Figure 3: The Solow Growth Model and Australia
(Source: Authors Creation)
The above diagram explains the phenomenon in the Australian economy that has been evident in terms of the economic growth. The black line in the above diagrams represents the steady state of the country in the initial stages. It needs to be stated that the initial steady state in the country has been represented by K*’ and the associated level in the per capita income of the country represented in the vertical axis. Here in this regards it needs to be stated that savings rate in the country has helped in making the investment in order to carry on the production. The technological advancement has reduced the capital dissipation in the country. This has helped in increasing the income of the people and has also increased the level of income for the country represented by the intersection of the blue depreciation line and the black invest line. This has reflected increase in the availability of capital per capita and also an equivalent rise in the levels of income for the country. Therefore, it can be stated this has resulted in the increase in the income levels for the people. This would help in increasing the savings for the people or it can be stated that this increases the savings propensity of the country. Moreover in this regards it needs to be stated that this increased savings rate would result in changing the slope of the investment line represented in blue sf(k).
Therefore, it would provide a even higher steady state for the country to reach represented by the blue depreciation line and the investment line represented by K*. the shift in the line of depreciation would also result in a change in the golden rule of capital where the capital accumulation would be maximum. It has been evident from here that this would result in increasing the levels of income of the people of Australia further. This has been apparent from the K** and the associated income levels. Here it has been evident reaching the new steady state would also increase the level of capital per capita and also the income per capita. It can be stated that if the country continues to carry on the activity in a similar manner and the phenomenon is not hampered by external cause it can be stated that the country would reach a even higher level of equilibrium. It has been evident in case of Australia that it would help in resulting in a higher production function in the country. This has been evident from the investigation on the country. It has been evident that the above phenomenon would result in a higher level of consumption. The rate of investment would also be altered and would reach a higher level, which has been evident from the above investigation and the research. Here in this regards it needs to be stated that if the savings rate remains unaltered the savings would also increase (Blanchard, 2011).

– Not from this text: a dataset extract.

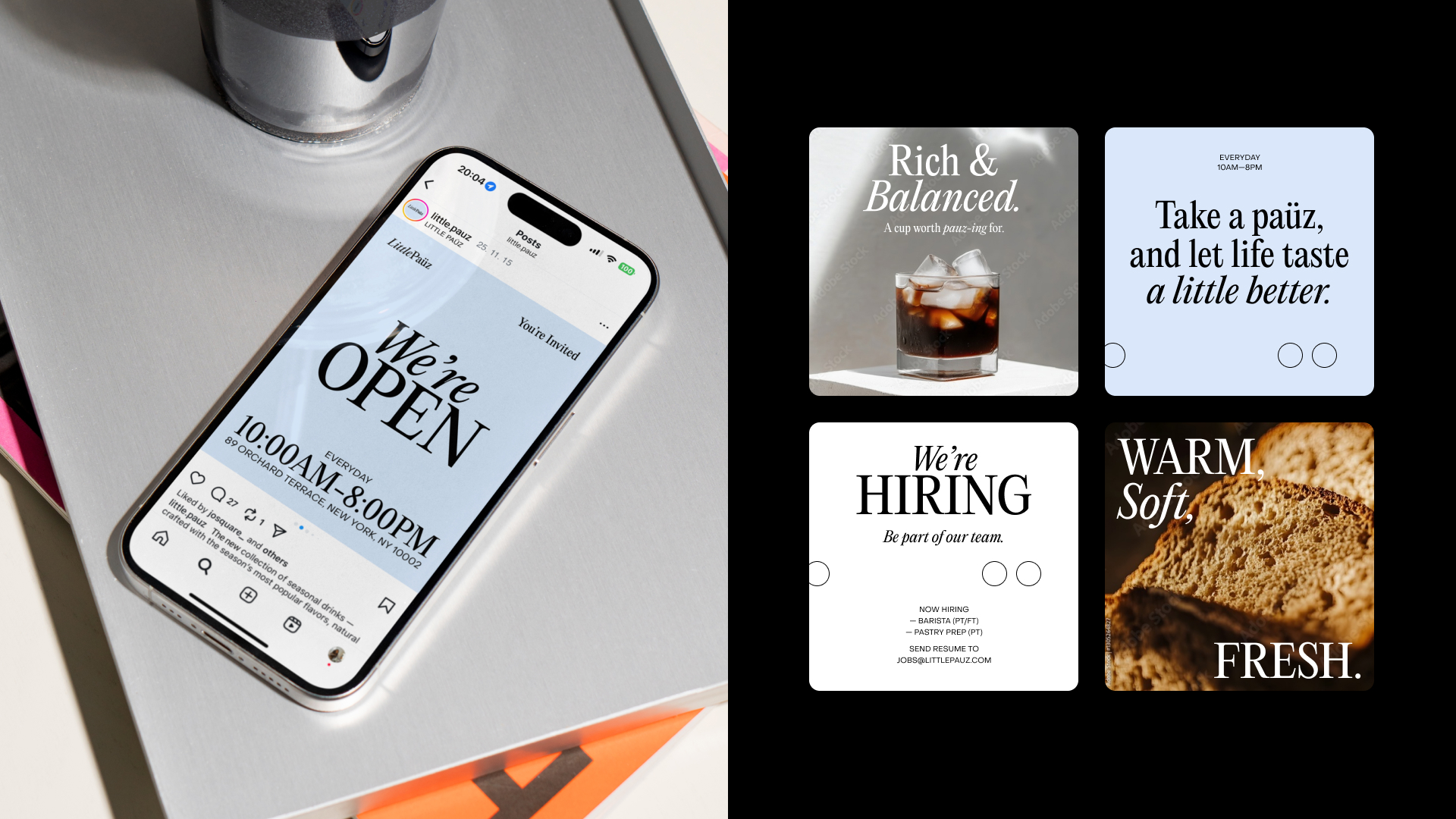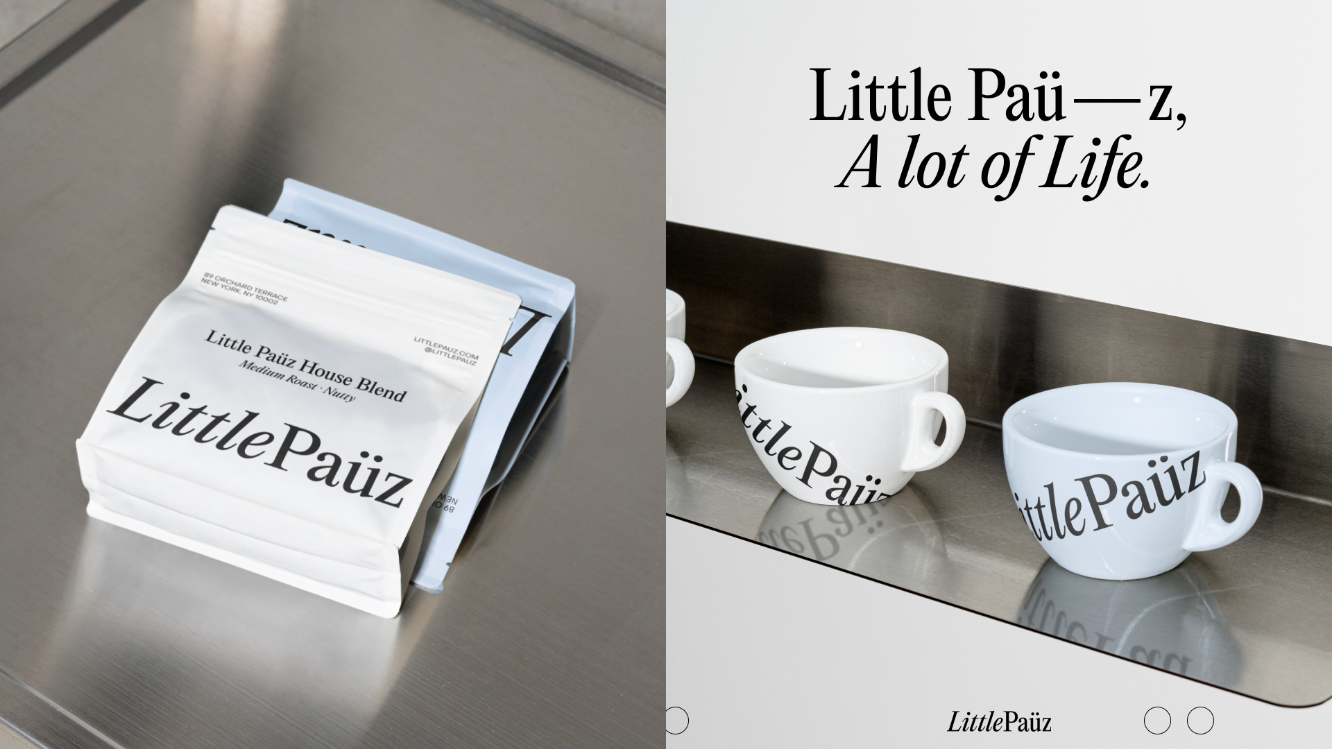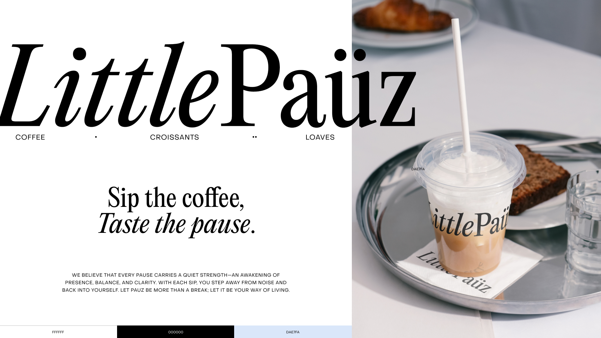 Little Paüz is a café brand created around the idea of “Pause,” a brief, restorative break within today’s fast-paced coffee culture. The brand identity draws on a refined monochrome base accented with pastel blue, expressing both calm simplicity and quiet sophistication. The umlaut over the “ü” invites a slower reading of the name, reinforcing the concept of lingering in the moment.

It has been evident from the investigation that if the country has reached the steady state in order to maximize the favor of growth the country can alter rates of saving for the country this would also help in increasing the equilibrium for the country at an even higher path (Mankiw, 2014). In this section reiteration of the savings investment identity needs to be further stated. This would help in understanding the phenomenon in a better manner. The increasing the savings would result in increased investment. Therefore, it would essential for the developed countries to reduce the rate of savings for the country (Blanchard, 2011).
In concluding the project it needs to be stated that the increase in the technological progress in Australia along with the onset of innovation has helped the country in reaching a higher steady state and golden rule level of capital. This would effectively contribute to the growth of the country. Over 2.1% growth that has been reflected in the analysis has been evident because of this factor for the country. it canalso be stated this is a rare phenomenon where developed nations have experienced a more than 2% growth of GDP annually. In comparing the same with the Japan it has been evident that the Australian growth rates has been almost double that of Japan. Here it needs to be stated that the other parameters like the savings rate and the per capita GDP for the country has more or less have been similar.